All context managers support exception handling: they record the failure (status, error, traceback), finalize the object, and by default do not re-raise—so your pipeline can continue to the next file/step. You can opt into fail-fast with raise_on_exception=True. pipeline_step/pipeline_file also support saving on exception via save_on_exception and output_path/output_path_override.

Binding (less boilerplate)

Bind a report once so helpers don’t need the report parameter:

from pipeline_watcher import bind_pipeline

with bind_pipeline(report):
    with pipeline_file(None, file_id="f2", path="inputs/b.docx") as fr:
        # Any nested helpers can discover the bound pipeline
        ...

Under the hood, binding uses contextvars for thread/async safety.

Jinja2 Templates (starter idea)

You can pass the Pydantic models (or their dicts) straight to templates.
Consider providing templates like:

templates/
├─ batch_summary.html.j2     # banner, percent, message, updated_at
├─ file_table.html.j2        # file rows with status/HITL badges
└─ file_detail.html.j2       # steps, notes/checks/errors per file

Example snippet:

<h1>Batch {{ report.batch_id }} — {{ report.stage }}</h1>
<p>Status: {{ report.percent }}% — {{ report.message }}</p>

<ul>
{% for f in report.files %}
  <li>
    File {{ f.name or f.file_id }}: {{ f.status }}
    {% if f.review and f.review.flagged %} 🔎 Review requested {% endif %}
    <ul>
      {% for s in f.steps %}
        <li>
          {{ s.label }} — {{ s.status }}
          {% if s.review and s.review.flagged %}
            🔎 Requires review: {{ s.review.reason }}
          {% endif %}
        </li>
      {% endfor %}
    </ul>
  </li>
{% endfor %}
</ul>

Parsing JSON back into Pydantic models (reconstruct & render)

To go beyond “just JSON”, reconstruct the full report object and pass it to templates or programmatic tooling.

import json
from pipeline_watcher import PipelineReport

def load_report(path: str) -> PipelineReport:
    with open(path, "r", encoding="utf-8") as f:
        data = json.load(f)
    # Validate & construct the full object graph (PipelineReport → FileReport → StepReport)
    return PipelineReport.model_validate(data)  # pydantic v2

# Usage
report = load_report("reports/progress.json")
# now pass `report` directly to Jinja2 or other code

If you need resilience for older schema versions, add a small migration layer before model_validate() (e.g., if data.get("report_version") == "v1": transform(data)). Pydantic will do the heavy lifting for nested models and enums.

Persistence

JSON-friendly: model_dump_json() on any report.
Helper: dump_report(path, report) or PipelineReport.save(output_path) (direct write).

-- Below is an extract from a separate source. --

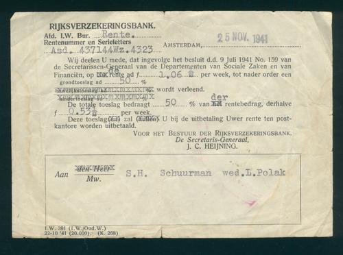 Mededeling van de Rijksverzekeringsbank aan Sjoektje Helena Polak-Schuurman over de uitkering van de wezenrente à 0,53 1/2 cent per week, 1941

from pipeline_watcher import dump_report

dump_report("reports/progress.json", report)  # atomic helper
# or, if you prefer a direct write on the object:
report.output_path = "reports/progress.json"
report.save()

When to reach for heavier tools

Orchestration (Prefect/Dagster): scheduling, retries, distributed runs, and fleet UIs.
Experiment tracking (MLflow/W&B): params, metrics, artifacts, and comparisons.
Data validation (Great Expectations): formalized expectations & HTML data docs.

pipeline-watcher stays intentionally small: append-only, JSON-first, HITL‑aware, and UI-ready.